MATERIALS AND METHODS
Plant materials and growth conditions
Two cowpea genotypes, Yacine and 58-77, generously provided by Drs Philip Roberts and Bao-Huhyn Lam, from University of California, Riverside were used for all experiments. These lines exhibited apparent tolerance and sensitivity respectively to HL stress. One seed was sown in 1 L pot filled with Suremix potting medium (Michigan Grower Products Inc, USA) and watered with half-strength Hoagland’s nutrient solution. Plants were staged in a reach-in growth chamber with the following conditions: RH, 50%; temperature, 30/20 °C day/night; light intensity, up to 400 μmol m-2 s-1 and photoperiod of 10/14 h light/dark. Seedlings were moved to a Dynamic Environment Photosynthesis Imager (DEPI) chamber (Cruz et al., 2016) for treatments 3–4 d or 12–14 d after germination for the young leaves or mature leaves respectively for treatments and assessment of photosynthetic parameters. Where necessary, older plants were used but leaves of similar maturity were used for all measurements. The relative humidity (RH) varied from 20–40% for the HT treatments whereas it was kept at 50% for the Control treatment.
High temperature and high-light treatments 
Various HT and HL treatments are described in detail within the corresponding figure descriptions. Briefly, HT treatments were imposed by heating the air temperature in the chamber using the native environmental control embedded in the growth chamber to 45 °C. For the temperature response curves, the temperature was changed by 5 °C every 2 h (starting from GT of 30 °C) but measurements were made after exposure for at least 1 h. Illumination in the DEPI chamber was provided by LED lights with wavelength in photosynthetically active radiation (PAR) range. The light intensity treatments consisted of low light (LL — 300 μmol m-2s-1) and high-light (HL — either 1000 or 1500 μmol m-2 s-1).

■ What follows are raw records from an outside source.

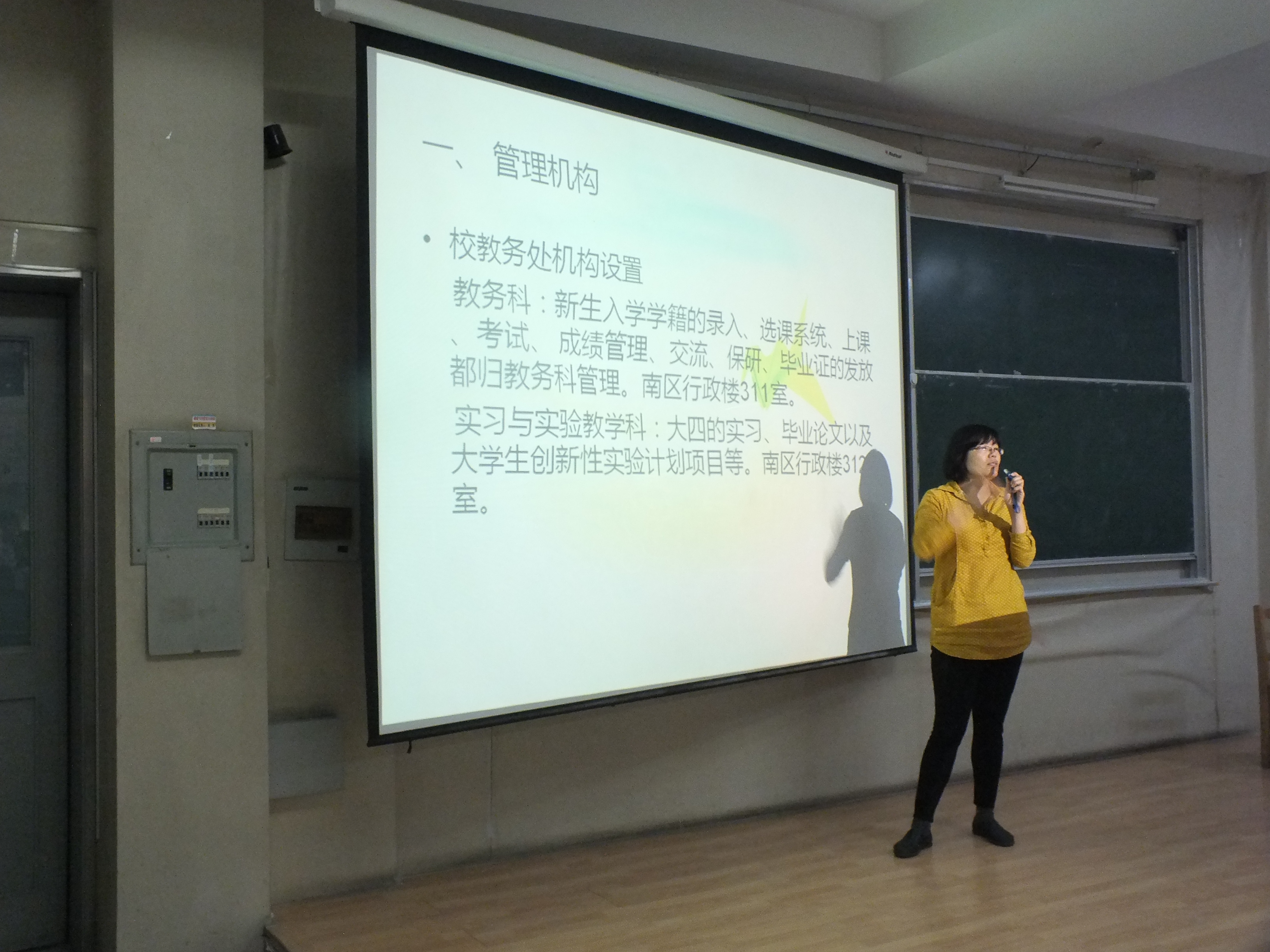的本科生教学管理机构设置向大家作了简要介绍,指出新生首先要了解大学的精神,以全面的视角认识大学的理念、功能,作好自我定位,在学习生活中要明确自己的学习目标,既不要盲目乐观也不要随波逐流;新生同学们还要注意转变学习方式方法,增强自主学习能力,适应大学的启发式教育模式。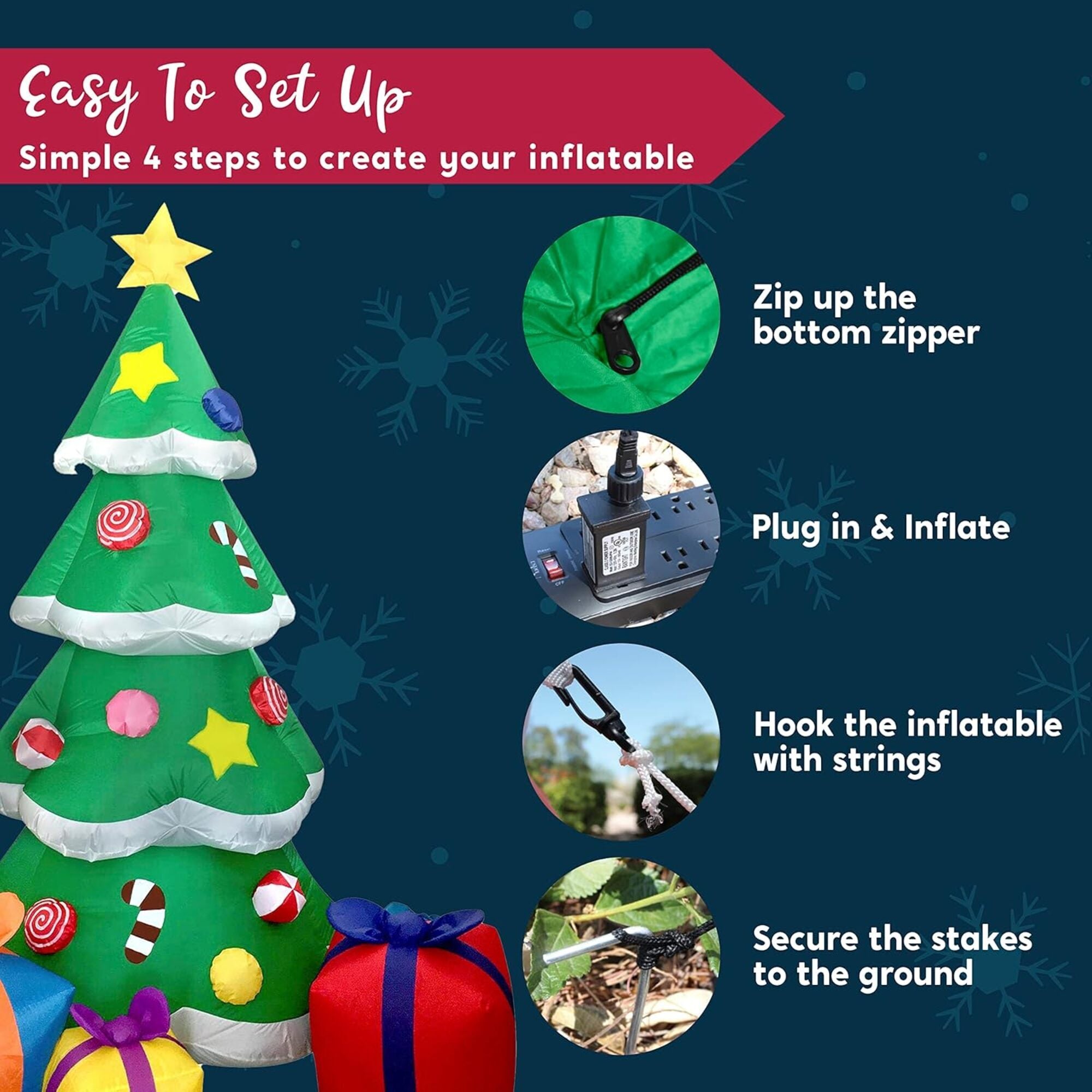 Add a touch of festive magic to your home with this 7 Ft Inflatable Christmas Tree, complete with colorful ornaments, candy canes, a glowing star topper, and three bright gift boxes at the base. Perfect for indoor and outdoor holiday displays, this cheerful decoration features built-in LED lights that create a warm and inviting glow at night. The self-inflating design with an IP44-rated blower makes setup quick and easy—just plug it in and watch it come to life in seconds. Made from durable, waterproof polyester fabric, it is designed to withstand winter weather. With stakes, ropes, and built-in sandbags included, this inflatable stays securely in place, even in windy conditions.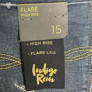 Brand new with tags Indigo Rein high rise flare jeans, size 15 (waist 31”, inseam 32.5”). Crafted from eco-conscious recycled denim that incorporates REPREVE® polyester made from two plastic bottles. Features include a button fly, flattering flare leg, and a medium blue wash with subtle fading. Made from a soft and stretchy blend of 68% cotton, 21% REPREVE® polyester, 9% rayon, and 2% spandex. Perfect for pairing with crop tops or tucked blouses for a retro-inspired silhouette.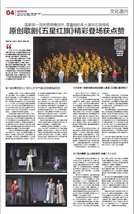 10 月7 日、8 日,由中共温州市委宣传部、新澳门六合彩 、中共瑞安市委联合出品的中国原创歌剧《五星红旗》在温州大剧院试演,向新中国成立70周年献礼。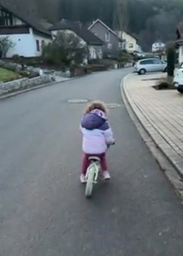 A young child is riding a balance bike down a slightly sloped paved road in a residential area. The child is wearing a light purple and white jacket with a dark purple hood, pink pants, and white sneakers. They have curly hair. The bike appears to be white or light-colored. The road has a sidewalk on the right side, with houses and trees visible in the background. The sky is overcast. There are cars parked on the side of the road and manhole covers on the road. The camera follows the child as they move down the street.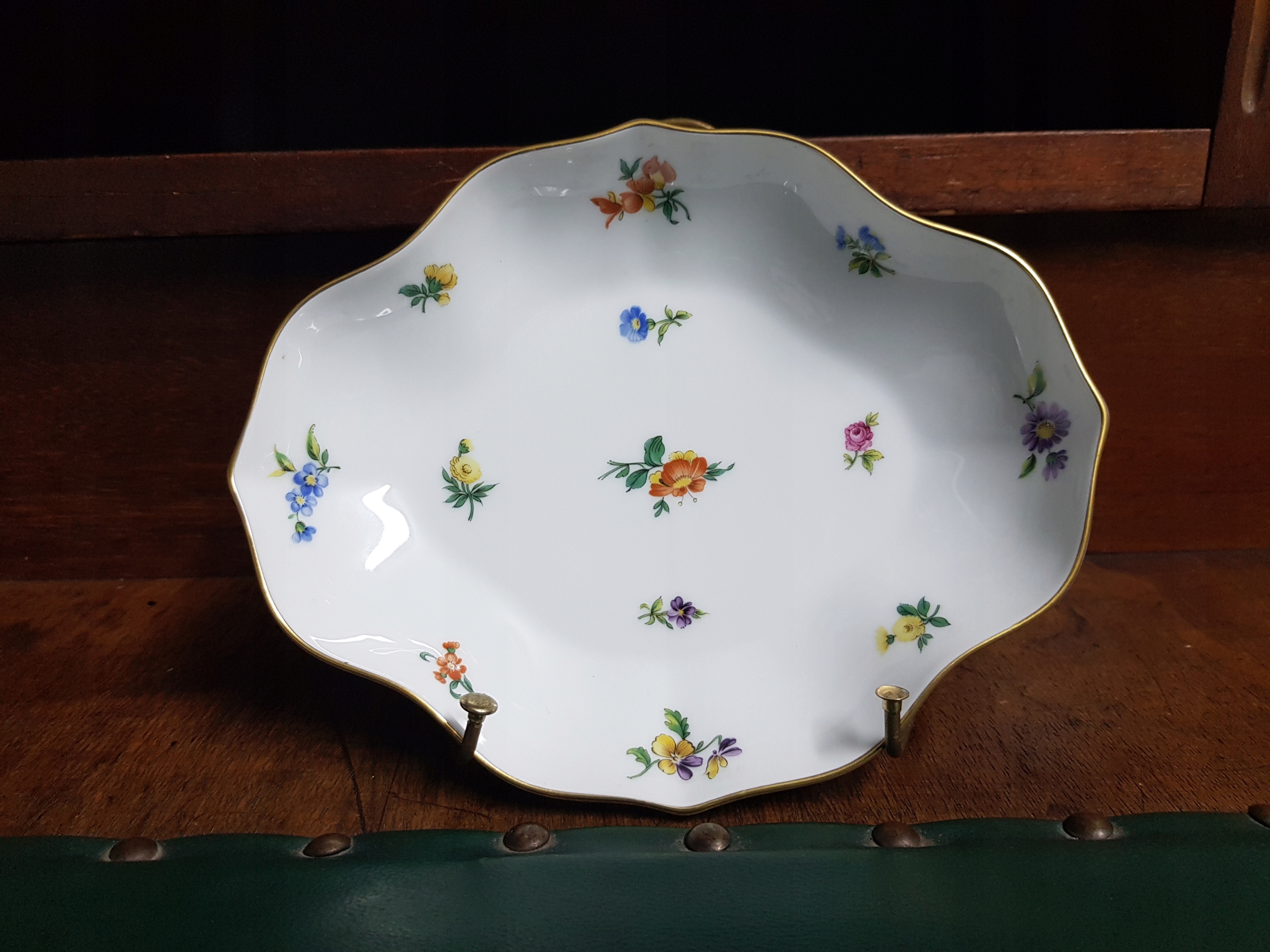 Предметом аукціону є невелика підставка для тортів Hutschenreuther. Прикрашена дрібними квітами. Позолота прибл.

Chlorophyll fluorescence and absorbance change measurements
the maximal PSII efficiency (FV/FM), plants were dark adapted for 20 min before measurements were made. Most chlorophyll fluorescence measurements were made using either the MultispeQ V1 linked to the PhotosynQ platform [www.photosynq.org , (Kuhlgert et al., 2016)] or the image-based DEPI chamber (Cruz et al., 2016). Some fluorescence measurements were also performed simultaneously with gas exchange measurements using the LI-COR 6800 (Lincoln, Nebraska, USA).
The electrochromic shift was assessed simultaneously with chlorophyll fluorescence measurements using the MultispeQ V1, thus enabling us to connect PSII function with downstream reactions such as the ATP synthase activity.  The thylakoid conductivity to protons (g H+) was determined by the dark interval relaxation kinetics (DIRK) of the electrochromic shift (ECS) at 520 nm (Thomas J Avenson, Cruz, Kanazawa, & Kramer, 2005; Takizawa, Cruz, Kanazawa, & Kramer, 2007) and was utilized as a measure for the chloroplast ATP synthase activity. The proton motive force (pmf ) was assessed as the amplitude of the first-order decay kinetics of the ECS trace in the first 300 ms [ECSt, (Kanazawa & Kramer, 2002; Kanazawa et al., 2017)].
Photoprotection (the rapidly reversible form of NPQ,q E) and photo-inhibitory quenching (the slowly relaxing form of NPQ, q I) were assessed as described in (Tietz, Hall, Cruz, & Kramer, 2017), using the MultispeQ V1 or DEPI platform. Briefly, following initial pulses to determine FO and FM, leaves were dark adapted for 2 min after which q E would have relaxed, leavingq I, enabling us to determine FM.